Examining Valuations of Major Tech Stocks Amid Market Turbulence
Chicago, IL – April 1, 2025 – Today, Zacks Investment Ideas spotlight Amazon (AMZN), Meta Platforms (META), Microsoft (MSFT), Apple (AAPL), Alphabet (GOOGL), Tesla (TSLA), and Nvidia (NVDA).
The Current State of Big Tech Valuations
The U.S. stock market is enduring one of its most significant corrections in recent years, influenced by uncertain trade policies and downgrading economic growth forecasts. President Donald Trump’s unpredictable tariff policies have left investors and businesses grappling with a volatile environment. Additionally, aggressive fiscal tightening and a diminishing wealth effect have contributed to lowered consumer confidence and gloomy outlooks.

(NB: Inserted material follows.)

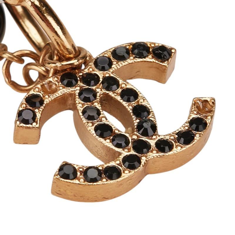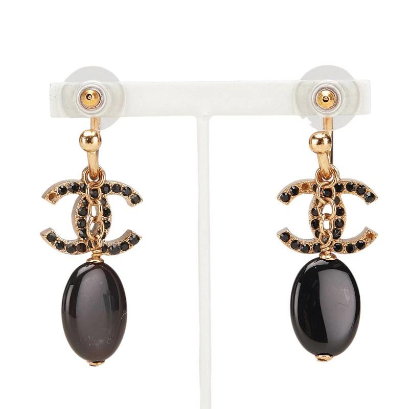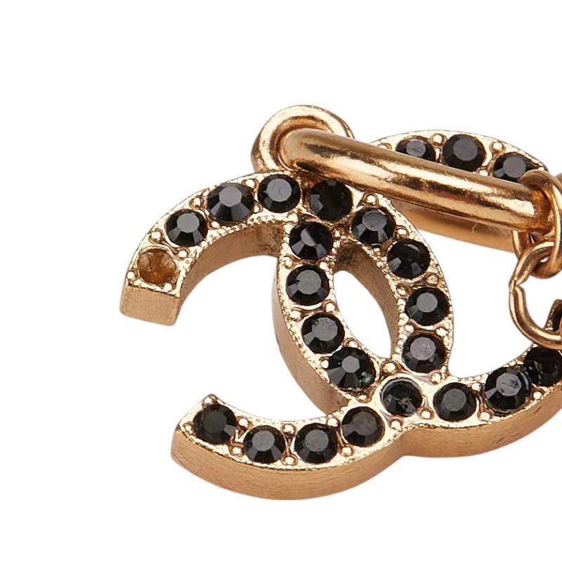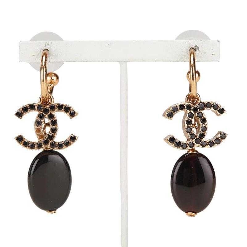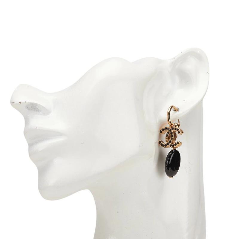 Pre-owned Chanel Coco Mark Rhinestone Swing Hoop Earrings, Gold and Black Plated, Women's.

This year has been challenging for major tech firms known as the Magnificent Seven. After leading gains for the past decade, these technology giants are now driving market declines, rekindling discussions about overconcentration in the market and elevated valuations.
While recent declines have not been disastrous, with Tesla being the significant outlier, the decreases are sufficient to bring valuations closer to more sustainable levels. This scenario may present a buying opportunity for long-term investors looking to enter the market. Conversely, if economic conditions worsen and earnings expectations continue to drop, these stocks might still seem overpriced.
In the following sections, we will examine the current valuations, relative performance, and earnings forecasts for the Magnificent Seven: Amazon, Meta Platforms, Microsoft, Apple, Alphabet, Tesla, and Nvidia.
Meta Platforms: Top Performer Among Tech Giants
Meta Platforms stands out as the best performer among the Magnificent Seven, being the only stock currently outperforming the broader market, though it remains down year-to-date.
The stock has a Zacks Rank #3 (Hold) and is projected to achieve an impressive 18.3% annual earnings growth over the next three to five years. Annual sales are expected to increase by 14.8% this year and 13.3% the next.
Shares are trading at 22.5x forward earnings, slightly lower than the company’s 10-year median of 24.7x, indicating a more reasonable valuation compared to its historical levels.
Apple: Largest Market Cap with Slow Growth
Apple is the largest company by market capitalization within the group and has shown the second-best performance year-to-date.
With a Zacks Rank #3 (Hold), Apple’s earnings are projected to grow at a steady rate of 13.8% annually over the next three to five years. However, its near-term sales growth forecasts are modest, anticipating a rise of only 4% this year and 7.7% next year.
Currently, Apple’s shares are trading at 30x forward earnings, a premium compared to the broader market average and its own 10-year median of 21.8x, revealing a high valuation despite the slow growth outlook.
Microsoft: Consistent Growth with Premium Valuation
Microsoft ranks third in performance among the Magnificent Seven and has the second-largest market capitalization in the group.
Holding a Zacks Rank #3 (Hold), Microsoft’s earnings are expected to grow by 14.4% annually over the next three to five years. Sales forecasts predict steady growth of 12.7% this year and 12.9% next year.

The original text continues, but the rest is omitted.